- The Washington Times - Wednesday, December 26, 2012

Growing up as the son of a Marine, Matt Hendricks heard about the value of living in a free country from his father, Doug. The Washington Capitals forward listened and believed it.

But it wasn’t until this month that it sunk in, when Hendricks spent a week visiting troops in Bahrain, Kyrgyzstan, Afghanistan and Germany as part of a USO Tour. Talking about the less-than-stellar living conditions with Sgt. Major Bryan B. Battaglia, Hendricks got the point.

“He just looked at me, and he said, ‘This shows you that freedom isn’t free. There’s a price to it.’” Hendricks recalled. “It’s hard to understand that. You see stuff on CNN and video on the Internet and pictures and things like that, but it doesn’t do it any respect until you’re actually there and witnessing it firsthand to see how incredible it is.”

Hendricks witnessed plenty during his weeklong trip alongside Washington Nationals pitchers Ross Detwiler and Craig Stammen, Chairman of the Joint Chiefs of Staff Gen. Martin Dempsey, singer Kellie Pickler and comedian Iliza Shlesinger. They landed on and took off from an aircraft carrier and flew in Black Hawk helicopters.

“We got to do a lot of things that you could cross off your bucket list,” Stammen said, “and then you also got to do a lot of things you felt like were a good service to the people overseas who can’t be home for Christmas.”

That struck a chord for Hendricks, even as an athlete who goes on road trips and has to be away from his wife, Kim, and young children, Gunner and Lennon, for long periods of time.

Getting to spend more time at home is a silver lining of the NHL lockout. Still, Kim Hendricks encouraged her husband to go on this trip, even though it meant going away just before the holidays.

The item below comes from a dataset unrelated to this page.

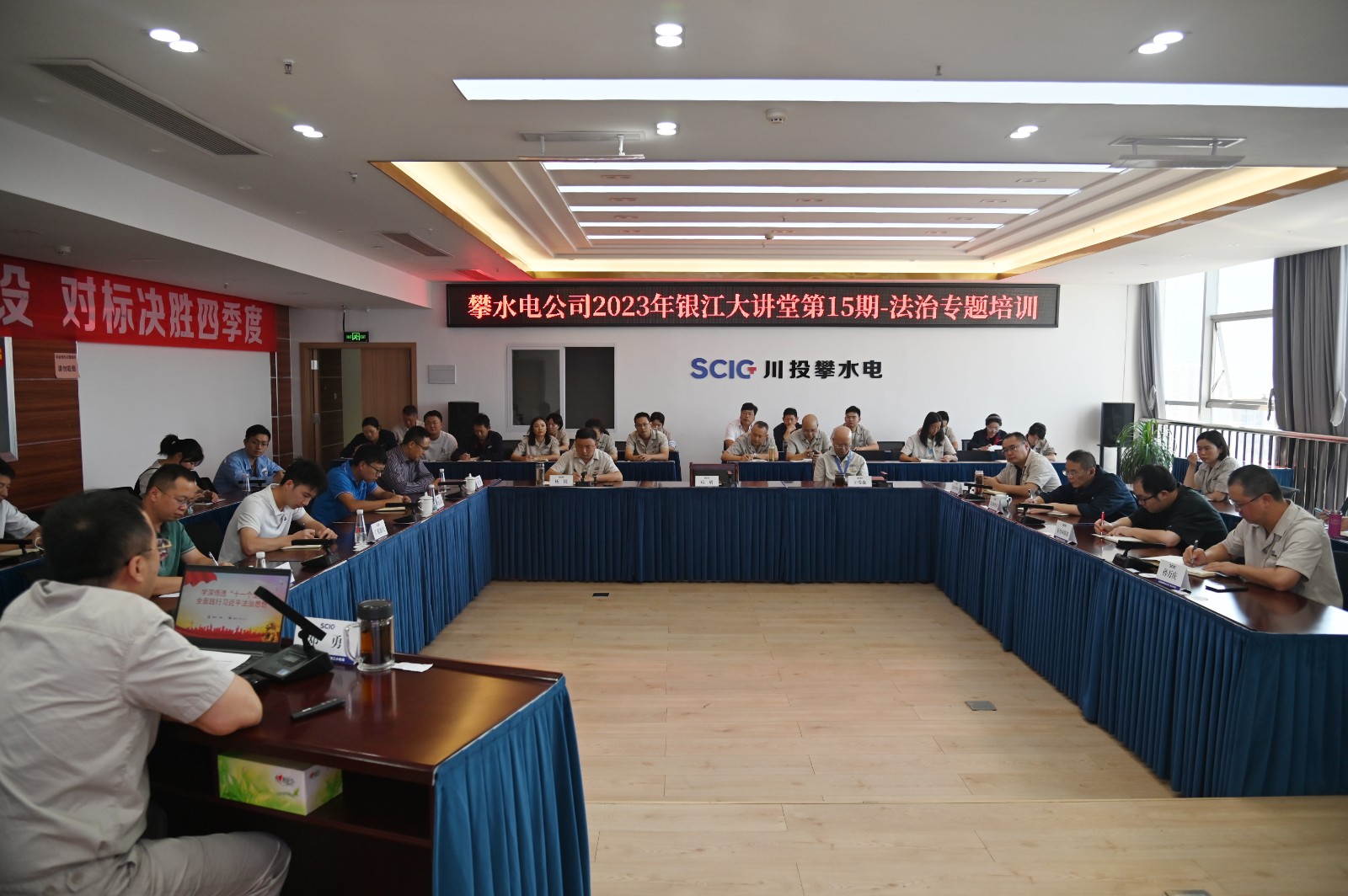 為深入學習宣貫黨的二十大精神,認真貫徹落實習近平法治思想,積極落實省國資委、川投集團、川投能源關於“送法進企業”活動要求,進一步提升企業依法治理和合規經營能力,切實增強廣大幹部職工法律意識和法治素養,2023年10月31日,公司精心組織開展了第15期銀江大講堂——法治專題培訓,公司在攀領導、員工及參建單位人員共計40餘人參加培訓。

“She thought it would be, obviously, a great opportunity and a life-changing opportunity,” Hendricks said. “And she wants our kids to look back on this trip and learn from it, see the importance in doing things like this.”

The Hendricks family is based in Minnesota, and Kim was the one who reached out to Defending the Blue Line, an organization that helps military families. It was through Defending the Blue Line that Matt Hendricks was asked to go on the USO Tour.

Naturally, one of his first calls was to his father.

“Like anybody does when you’re looking for guidance, you seek the person that’s given it to you throughout your life, and for me that was my dad. When this opportunity came, I asked him his take on it,” Hendricks said. “He said, ‘Other than raising your family, this might be one of the most important, life-changing things you can do.’”

As professional athletes, Hendricks, Detwiler and Stammen are used to signing autographs, but the ones they signed for military men and women meant more. They sat after USO shows for hours, signing for those in line.

“Just being able to talk to them, to shake everybody’s hand and say thank you and try to pump up the troops, we had a number of people come up to us and tell us how much that meant,” Detwiler said. “I don’t picture myself as a celebrity at all. … I felt like it was me just going over there saying thank you, but they were telling us, ‘You don’t know what it means to these guys to bring a little piece of America over here.’ It kind of rejuvenates them.”

Hendricks talked to an Army solider from Minnesota. Detwiler saw Mark Hankes, who he played summer baseball with during high school in St. Louis, and someone who had his mother as a teacher. Stammen ran into David Moss, who recognized the pitcher from a baseball camp he worked at in Ohio.

Moss was hospitalized at Landstuhl Regional Medical Center in Germany.